It was forty years ago this week, a sprawling, untidy and almost overwhelming (in every sense of the word) four-sided two vinyl disc set was released by The Beatles usually called The White Album.
What those of us who'd followed them from their debut on The Ed Sullivan Show didn't realize yet, and had no way of knowing, was that it's getting very near the end for the four as a band. I was sixteen and had spent all of my teenage years with their music as the soundtrack to my growing up.
I had no older brothers or sisters so I had been spared Fabian, Paul Peterson, Frankie Avalon (with and without Annette), all the girl groups and what John Lennon, years later, called Elvis Orbison (although this is a little spooky, even for me).
Without a frame of reference at the time, I thought The Beatles had invented rock and roll and, for me at least, not a moment too soon. Less than a year earlier, I, and all of us, had our dreams of childhood prematurely ended by an assassin's bullet with the murder of a US President and while many of us were too young to realize the carnage going on in Southeast Asia, we all had neighbors with sons, brothers, uncles and fathers who knew where it was and what it was.
Just Us Kids hadn't gotten there yet--we were still learning dance moves for the CYO socials after the basketball games.

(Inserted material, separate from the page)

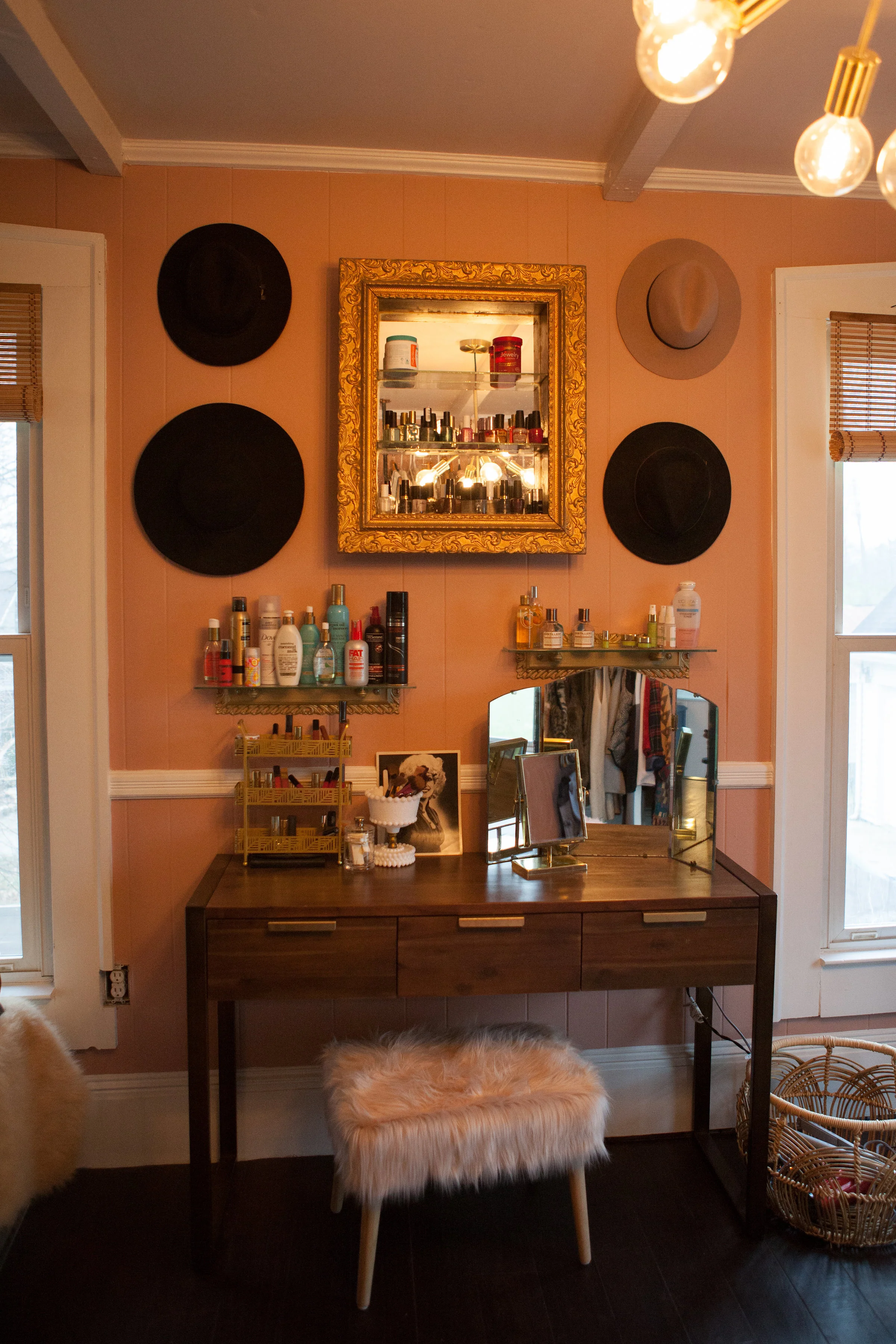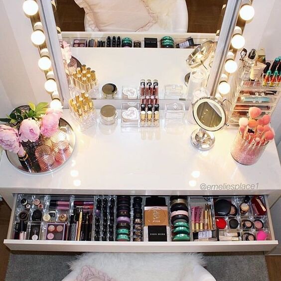 7. If additional space is needed consider adding a rolling cart beside your vanity, or wall mounted shelves above your vanity to hold extra organizers and/or beauty products.

As if Father Costello, eagle-eyed chaperon, was ever gonna let you touch Janet Kinsley anywhere under her sweater, especially since we were all friends with her twin brother, Joseph. Truth to tell, all of us were working on mysteries without any clues and none of us were 'fast' or 'loose'. How could we be? We were Catholic.

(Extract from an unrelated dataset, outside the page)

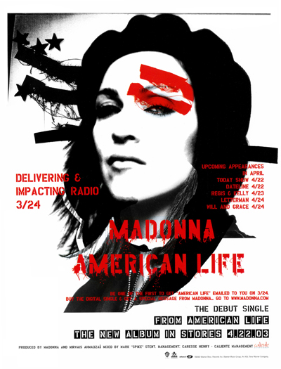 - «American Life» es el noveno estudio album de Madonna lanzado el 21 de Abril 2003 por Maverick Records y Warner Records. Fue también el último disco que Madonna realizó con la compañía Maverick luego de la finalización de su contrato de 11 años con la empresa.
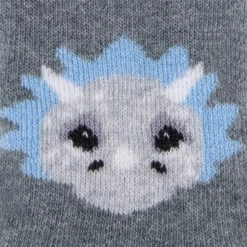 Een duopack met een donker paar en een licht paar sokken. De donkere sokken zijn donkergrijs/lichtgrijs gestreept met een antslip zool in de vorm van rondjes. De lichte sokken hebben het hoofd van een dinosaurus, sterren en de antislip zool is in de vorm van sterren.

The Beatles had gone from wanting to Hold Your Hand to wondering Why Don't We Do It in the the Road? and where they led, we followed. There was no satellite radio, no eighty-three flavors of MTV, no YouTube--heck, there was barely FM radio and I was in that first cohort that bought big records with little holes, albums, over little records with big holes, singles.

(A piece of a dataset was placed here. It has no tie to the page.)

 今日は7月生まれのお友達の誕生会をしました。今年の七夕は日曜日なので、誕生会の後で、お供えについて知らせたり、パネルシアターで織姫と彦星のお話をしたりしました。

To this day, I still marvel over the self-assurance and unshirted cockiness it took to release Sgt Pepper. What could possibly have been lifted as 'the' single from that body of work and how big a shock to the system was it for the recording industry when The Beatles transcended the manufacturing process. In a way they proved McLuhan's 'The Medium is the Message' and made it a fact of life and an immovable object.
If, as it was to turn out, they were to produce only two more albums, and there's some spirited discussion on how those two came to be and why, that was yet to come and in no way kept us from sitting with the headphones on late at night, volume cranked, listening not just to Revolution 9 (where was that video four decades ago, eh?) but to the whole nine yards. What each of us learned, but many years later, was all of us, everywhere, were listening alone, but also together. The Beatles had made rock music global and two generations have grown up and old since then.
In a way, much of what the four did, as The Beatles and since, was referenced by the White Album. John Lennon's last release, Double Fantasy, was barely a month old in 1980 when he was murdered. George Harrison's first album, Wonderwall Music (nothing to do with those well-known posers, Liam and Noel, thankfully) is almost exactly forty years old.
And Paul McCartney has just released The Fireman (go to page two, the right hand side to listen for yourself) and if he rushes in from the pouring rain (very strange), full of fish and finger pies (one of the most eloquent pornographic references to ever make it to Casey Kasem) we've come full circle and the journey has been as much of a reward as the destination.
Like the sun plays in the morning/Feel the quiet, feel the thunder/Every ladder leads to heaven.
-bill kenny
Ramblings of a badly aged Baby Boomer who went from Rebel Without a Cause to Bozo Without a Clue in, seemingly, the same afternoon.